Imagine that a mass shooting is happening. What should you do? Well, if you’re in danger, you should probably find safety. And if you’re safe, there’s a good chance that you should wait until the next day to learn more about what the shooting because of how much misinformation is involved with a major story such as this. But, if you must follow breaking news, you might want to check Snapchat first.
Snapchat might seem like an improbable source of breaking news updates. The service is known primarily for letting people superimpose goofy stickers over their selfies and taking some of the risk out of sharing nude photographs with others (because those photos sort of disappear forever). As the San Bernardino shooting that killed 14 people and injured another 21 on December 2 unfolded, though, the service became a source of up-to-the-minute briefings on what was happening in neighborhoods around the targeted area.
Offering these updates required Snapchat to find publicly-posted snaps, curate them into one story, and, in some cases, use text to clarify what was happening. This gave Snapchat users an idea of what people in the area were sharing — and provided much needed background information that informed users without making it seem like Snapchat knew the entire story. It was just a simple service gathering news and making it available to the people who might benefit from seeing it.
Combine this with the ephemeral nature of Snapchat’s content and it seems like the service might be a good source for breaking news. It can react quickly, use content from many users, and pass along brief updates on the situation as they happen. When the situation has resolved, all that content disappears, making it less likely to contribute to the flood of misinformation that can haunt the web, while law enforcement and the journalists covering it struggle to find the truth.
It’s easy for misinformation to spread on the web. Hitting “like” or “retweet” on a false report doesn’t require much effort — certainly less than it does to spend a few seconds looking for accurate information or sharing new info as it becomes available. That misinformation often remains until someone goes through and deletes it, which is another opportunity for someone to get the wrong idea about something, share that idea, and keep the perpetual ignorance machine going.
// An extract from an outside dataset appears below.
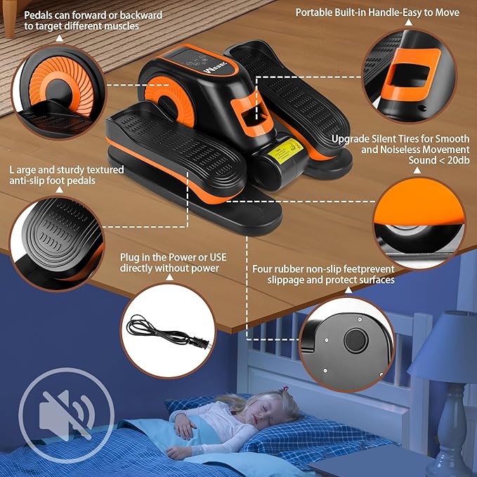 - 【LCD Display】WESEC Under Desk Elliptical Machine has an LCD display that tracks speed, distance, counter, time and calories in real time. This seated pedal exerciser for seniors comes with a thoughtful remote control that allows you to switch modes without bending over and taking pressure off your back. This means you can sit back and work or relax while still getting the workout you need!

Snapchat’s self-deleting updates don’t afford this opportunity. There’s no perpetuity. It’s a bit like talking on the phone with someone: Unless they’ve taken extra steps to record whatever was said, the information is passed along once before it disappears into the aether. The photo-and-video-based nature of the service also lends itself to eyewitness accounts, which limits the claims people can make. (Not that video or photo evidence on social media is infallible.)
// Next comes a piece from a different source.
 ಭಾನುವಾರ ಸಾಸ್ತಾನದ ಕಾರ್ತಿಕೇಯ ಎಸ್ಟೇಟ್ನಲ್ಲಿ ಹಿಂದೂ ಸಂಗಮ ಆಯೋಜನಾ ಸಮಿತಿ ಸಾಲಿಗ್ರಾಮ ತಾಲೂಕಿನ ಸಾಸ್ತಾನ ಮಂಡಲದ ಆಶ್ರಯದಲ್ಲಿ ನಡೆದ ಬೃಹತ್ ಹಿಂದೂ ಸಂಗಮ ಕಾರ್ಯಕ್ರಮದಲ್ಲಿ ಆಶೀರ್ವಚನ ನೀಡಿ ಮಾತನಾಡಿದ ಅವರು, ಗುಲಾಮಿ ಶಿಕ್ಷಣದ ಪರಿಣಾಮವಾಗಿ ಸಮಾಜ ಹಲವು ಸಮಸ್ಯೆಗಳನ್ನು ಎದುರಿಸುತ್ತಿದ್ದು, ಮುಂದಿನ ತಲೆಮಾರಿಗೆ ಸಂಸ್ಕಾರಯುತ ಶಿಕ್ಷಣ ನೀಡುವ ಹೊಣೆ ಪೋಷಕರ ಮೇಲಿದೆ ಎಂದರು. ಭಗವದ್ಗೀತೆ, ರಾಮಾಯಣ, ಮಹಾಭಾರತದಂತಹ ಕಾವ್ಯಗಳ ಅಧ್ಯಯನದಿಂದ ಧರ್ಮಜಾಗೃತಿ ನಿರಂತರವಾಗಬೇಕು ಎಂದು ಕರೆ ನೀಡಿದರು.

I reached out to Snapchat to get their perspective on their news-aggregation. I was given a statement attributed to the company’s head of communications: “We published this story because we felt that the content, which comes from the LA Local Story, was newsworthy and held national significance” — and later told that my followup questions wouldn’t be answered. “We have nothing more to share at this time, sorry,” a spokesperson said in a rather short email. “Thanks!”
Still, it wouldn’t be a surprise if Snapchat did something similar in the future. It’s in a unique position to offer people lightweight updates about a developing situation from the eyes of the people most affected by it. Combined with a little editorial judgment and some other features, like the one that allows Snapchat users to view similar content from other public stories, that seems like a nice setup for anyone who wants to know what’s happening in a breaking news story.
Will there be downsides? Of course. Some of Snapchat’s verbiage doesn’t mesh with what it’s showing during stories like this. (“Swipe up to Explore similar Snaps!” read a line of text shown over a photo of kids lining up to leave a locked-down school.) And there’s always the chance that the company will pass along videos or images that somehow mislead their viewers. I wouldn’t expect the company to have all the answers about important story developments, either.
But if someone is unwilling to wait for law enforcement to investigate the situation, for journalists to get to the bottom of the story, and for the frenzied masses to stop sharing whatever information comes to them, they could do worse than to check Snapchat. And even if they end up getting bad information they can at least take solace in knowing that their blunder won’t be available for anyone to see hours, days, weeks, months, or years after the truth is revealed.